Autonomy deal marks HP’s journey away from PCs – Telegraph.co.uk
Just before Christmas 2004, IBM, the pioneer of personal computers in America, sold its PC business to Chinese company Lenovo for $1.75bn. It’s taken Leo Apotheker, HP’s new chief executive and former head of German software giant SAP, to follow suit.
And Dell’s warning on Tuesday night will have done little to weaken the conviction around HP’s board room to quit a PC business where margins can be as low as 2pc to 3pc.
But this is about more than the state of the economy for HP. It’s about adapting to an era in which corporations and governments expect far more from their technology providers than simple hardware.
With the world producing ever greater amounts of data, businesses want software that allows them not only to store the data but analyse it and, ideally, generate money from it.

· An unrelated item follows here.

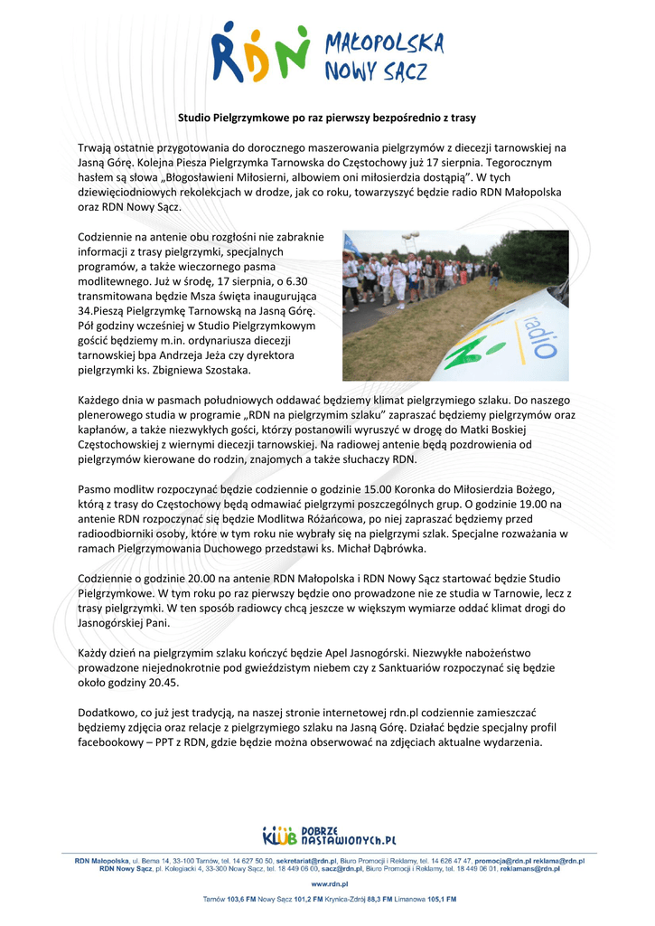 Informacja prasowa dot. studia pielgrzymkowego ()

And that’s where Autonomy, whose technology to analyse data was first developed at Cambridge University, comes in.
“It’s an area that IBM has had a lot of success in and the Autonomy acquisition will really beef it up for HP,” said Wu of Sterne Agee & Leach.
The swoop on Autonomy is not HP’s first attempt to beef up the range of data services and analytics it can offer. This time last year, HP, then without a chief executive, won a bidding war for 3Par, which makes the software that helps companies store data. And in February, it acquired Vertica, a Boston company that analyses data.
But the capture of Britain’s leading software company is without doubt the most high-profile move in HP’s journey away from PCs. Time will tell whether the deal marks the moment that Apotheker changed HP’s direction for good.